**Work instructions:**
Repeat exactly the lines of the records below, starting at the line containing "Ensalada de lechuga, espinacas, fresas, arandanos, nuez, pechuga" and ending at the line containing "手揉自製餅皮上加上櫛瓜、香菇、蕃茄、起司、白醬、青醬等配料,看起來很簡單清爽!". Leave the pictures out.

**Records provided:**
*-*-*

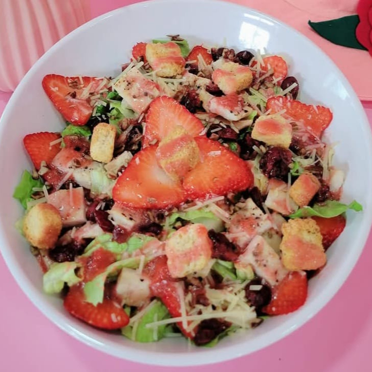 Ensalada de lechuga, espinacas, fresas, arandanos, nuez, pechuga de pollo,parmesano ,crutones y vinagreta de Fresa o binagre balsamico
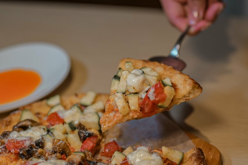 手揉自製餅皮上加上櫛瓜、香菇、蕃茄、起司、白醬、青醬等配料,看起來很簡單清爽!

*-*-*

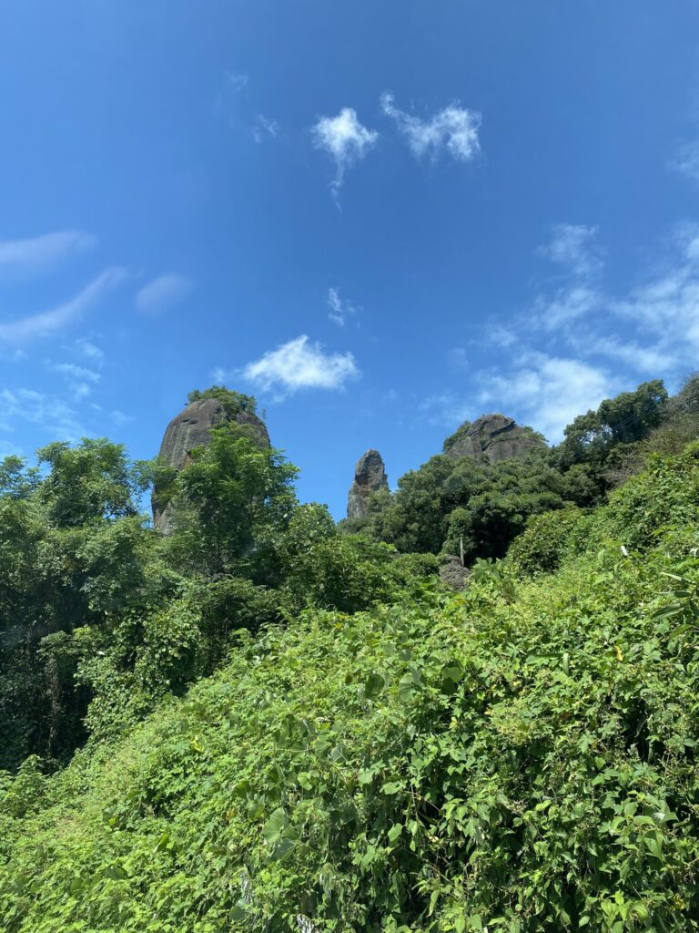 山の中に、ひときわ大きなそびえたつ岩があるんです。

*-*-*

**Answer area:**
 Ensalada de lechuga, espinacas, fresas, arandanos, nuez, pechuga de pollo,parmesano ,crutones y vinagreta de Fresa o binagre balsamico
 手揉自製餅皮上加上櫛瓜、香菇、蕃茄、起司、白醬、青醬等配料,看起來很簡單清爽!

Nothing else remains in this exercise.